As we grow older, we don't realize that so much time has passed. Things that were commonplace to us are unknown to the later generation(s). I know why my parents moved our family to California from Minnesota but my children do not. Why? Because the subject did not come up in conversation.
As I spend time trying to piece together my family tree, I often wondered why did my ancestor move from one place to another. Then I realized that my descendants may not know why my parents moved unless I document it.
When we moved to California, hardly any of my classmates were born in California. We all had moved from some other place. I had never seen so many different license plates until we lived in Orange County, California. At that time, an automobile owner did not have to re-register a car until the registration from the state in which the owner left expired. Everywhere I looked, I saw a license plate from another state. My classmates were mostly born in some other state, Canada or Mexico. I erroneously assumed that most people living in California in the 1960s were born elsewhere.

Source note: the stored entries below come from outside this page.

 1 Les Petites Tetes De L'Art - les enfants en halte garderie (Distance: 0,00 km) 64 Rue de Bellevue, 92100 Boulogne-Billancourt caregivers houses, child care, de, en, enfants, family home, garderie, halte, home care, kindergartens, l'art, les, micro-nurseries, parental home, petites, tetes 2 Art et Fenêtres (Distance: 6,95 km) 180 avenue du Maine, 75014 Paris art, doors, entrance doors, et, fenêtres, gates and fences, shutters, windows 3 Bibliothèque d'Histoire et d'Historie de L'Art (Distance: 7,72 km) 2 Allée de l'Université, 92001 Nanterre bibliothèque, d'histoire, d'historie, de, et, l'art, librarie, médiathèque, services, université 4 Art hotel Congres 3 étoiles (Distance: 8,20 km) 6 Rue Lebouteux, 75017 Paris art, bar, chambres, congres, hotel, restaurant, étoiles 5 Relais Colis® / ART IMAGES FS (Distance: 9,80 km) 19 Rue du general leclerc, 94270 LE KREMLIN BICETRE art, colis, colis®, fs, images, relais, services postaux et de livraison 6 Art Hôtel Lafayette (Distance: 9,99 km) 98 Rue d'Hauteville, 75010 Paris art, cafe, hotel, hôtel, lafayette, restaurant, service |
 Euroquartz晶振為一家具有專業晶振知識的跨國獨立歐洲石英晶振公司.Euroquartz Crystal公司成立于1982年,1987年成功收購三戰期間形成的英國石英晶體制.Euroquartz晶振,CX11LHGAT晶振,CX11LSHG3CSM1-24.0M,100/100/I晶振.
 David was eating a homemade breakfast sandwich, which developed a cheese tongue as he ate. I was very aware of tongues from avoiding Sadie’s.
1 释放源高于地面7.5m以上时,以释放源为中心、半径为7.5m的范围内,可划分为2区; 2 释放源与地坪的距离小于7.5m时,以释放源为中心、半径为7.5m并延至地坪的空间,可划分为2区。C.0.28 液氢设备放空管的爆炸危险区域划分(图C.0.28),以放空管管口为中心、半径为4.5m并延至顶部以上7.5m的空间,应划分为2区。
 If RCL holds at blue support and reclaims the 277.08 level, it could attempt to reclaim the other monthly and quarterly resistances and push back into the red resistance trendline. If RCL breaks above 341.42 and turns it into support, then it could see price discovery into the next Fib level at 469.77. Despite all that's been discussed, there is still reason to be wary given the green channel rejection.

Thirteen years ago, my husband and I moved to the Bay Area from Los Angeles. I made many friends, most of whom were born in California. So much for my theory that most people in California in the 1960s were born somewhere other than California. Then the question for me was why are there more native born Californians of my generation in Northern California and so few in Southern California?

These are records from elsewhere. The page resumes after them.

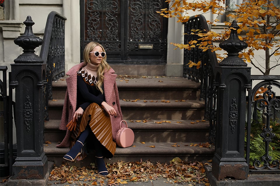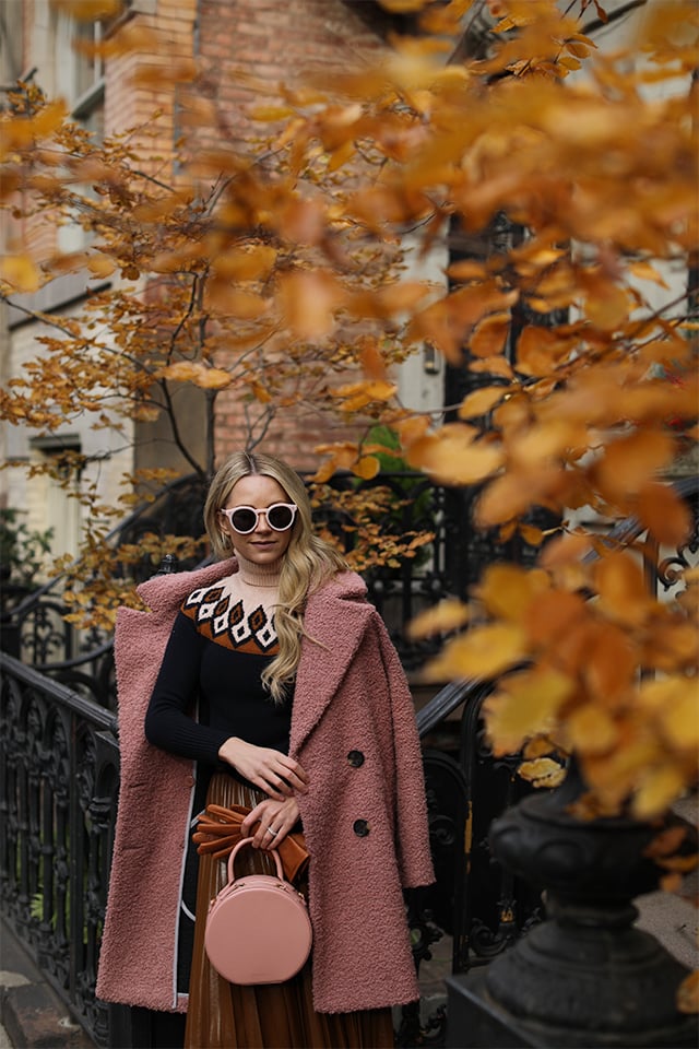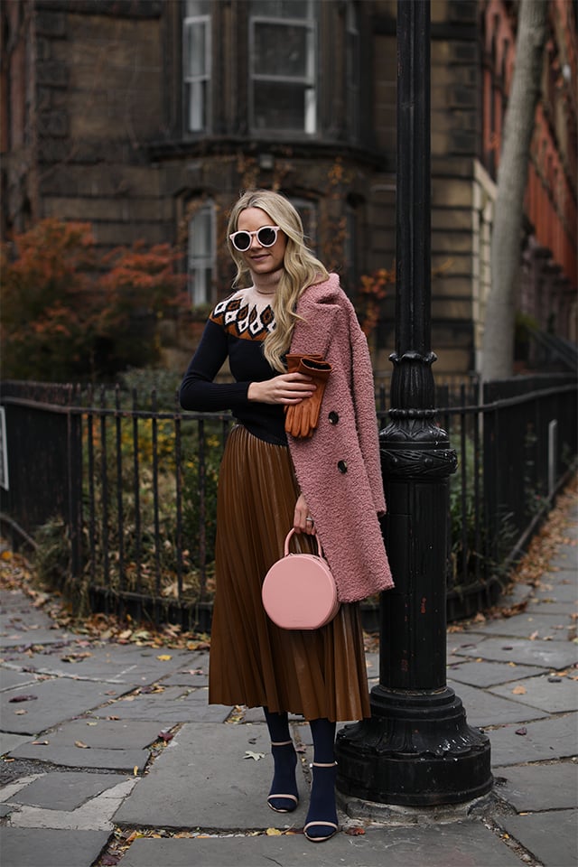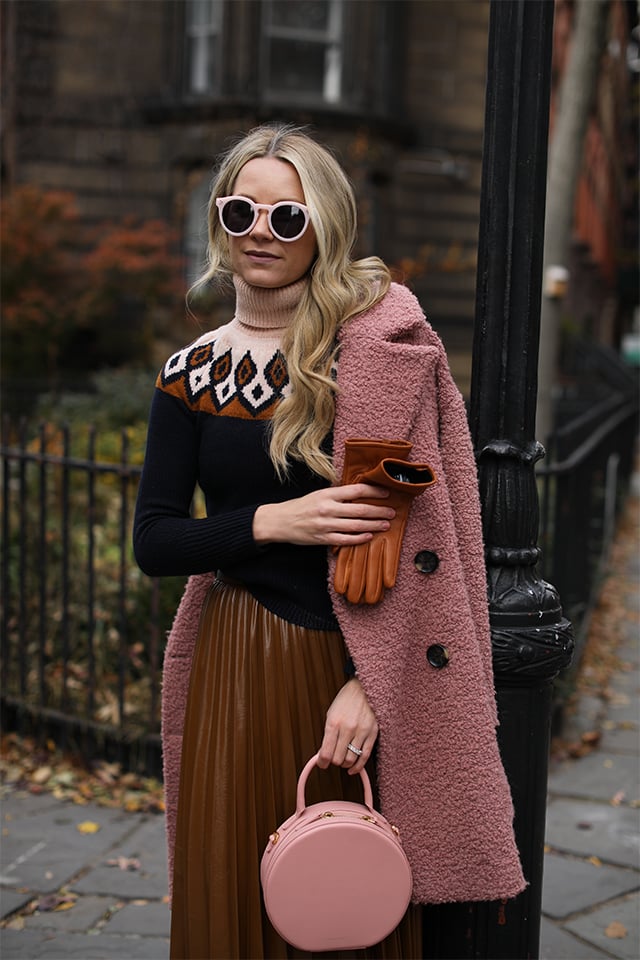 Fair Isle Sweater (also love this one and this one). Skirt: HM, now on sale (also seen here). Coat: Topshop (an all star in my closet- seen here, here, here, here and here). Tights: HUE (see more of how I wear HUE here). Shoes: BR, the perfect low heel. Bag: Mansur Gavriel. Sunglasses: Illesteva. Gloves: Zara.
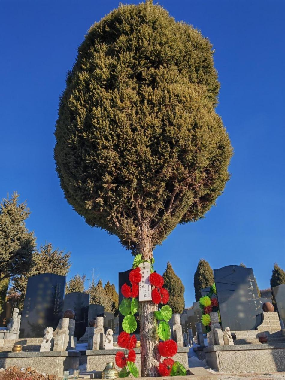 遼寧阜新市公墓的東南角,一棵挺拔翠綠的柏樹樹干上,掛有一個(gè)長(zhǎng)30厘米、寬10厘米的小木牌,上寫有“魏彤欣之墓”,一束花環(huán)環(huán)繞周圍,在陽(yáng)光的照耀下格外絢麗。
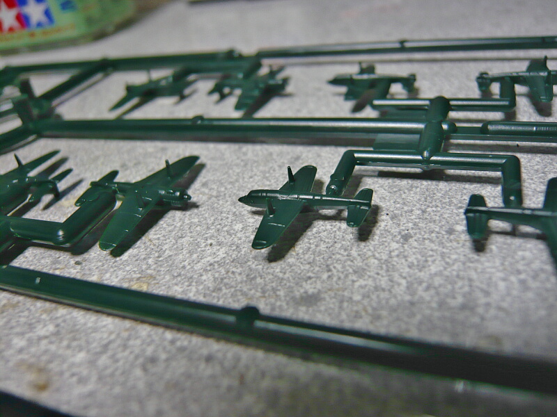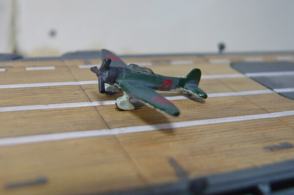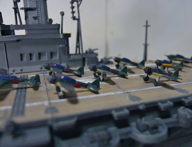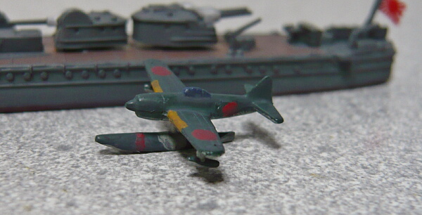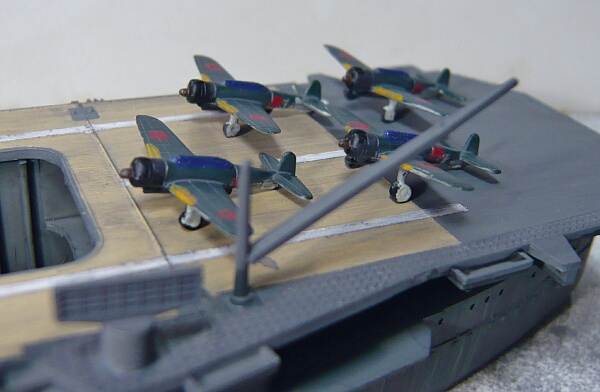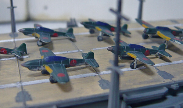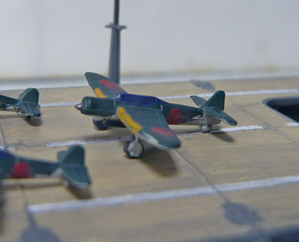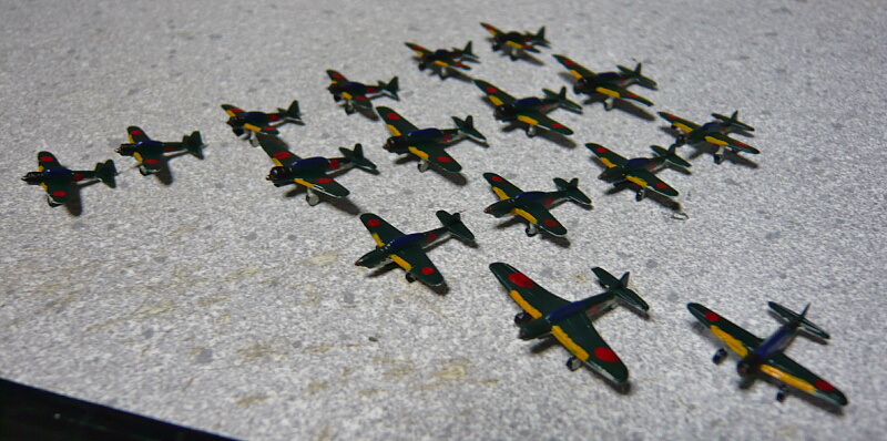 その後方6機のおなじみ零式艦上戦闘機。キットでは零戦のどの型かまでは書かれていませんが、何となく52型のつもりで。2機のみ増槽を装備した状態にしてあります。
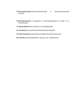 This document defines various terms related to document management and archiving, including administrative age, document retention table, file, folderama, home production, legajo, life cycle of a document, metal shelves, middle age, mobile files, reprography, secondary values, secret professional, sequentiality, tax values, technical values, and total file. It provides descriptions of the purpose or use of each term as it relates to organizing, storing, and retaining documents and records over time.
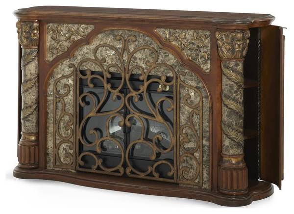 The Villa Valencia Fireplace by AICO Furniture beautifully captures the look & feel of Old World Spain. Beautifully crafted from Birch solids with Cherry Pecan & Elm Burl veneers the distinctive marquetry & intricate embellishments compliment a classic chestnut finish. From its marble relief to the unique multi-faceted beveled glass encasements Villa Valencia Living Room Collection is a timeless collection to be treasured year after year.

I don't have all the answers but I know what was happening in Southern California when my family moved there. The aerospace industry was very strong in Southern California at that time. My father was a machinist and found work at Hughes Aircraft Company in Culver City, CA within a few weeks of our moving from Minnesota to California. My father had lived briefly in California around the World War II years as did other men who served in the Pacific in that war. He saw much opportunity for himself and his family by moving to California.
I am the eldest in a large family. My father had hoped that he could provide the opportunity of a college education for each of his children. When I entered the University of California at Berkeley my annual tuition was $240. The tuition at the University of Minnesota at that same time was $900 a year. My dad told me that the cost of higher education in Minnesota versus the cost in California was a primary reason that he moved us to California.
My father's parents and two sisters were already living in California when we moved. It was a very hard move for my mother as she left so many of her close relatives behind. Most of the family events centered around my mother's family and not so much around my father's family. My father had wanted to move to the Bay Area but my mother's aunt and sister had moved to Southern California. So as a concession to my mother, my father moved the family to Orange County, California.
Even though my mother's aunt and sister were living in California, my mother complained about California. California was too dusty and dry. After I married, my mother and father took a trip back to my mother's beloved Minnesota. That was the end of her complaints about California. I guess the humidity and mosquitoes in Minnesota proved too much for my mother.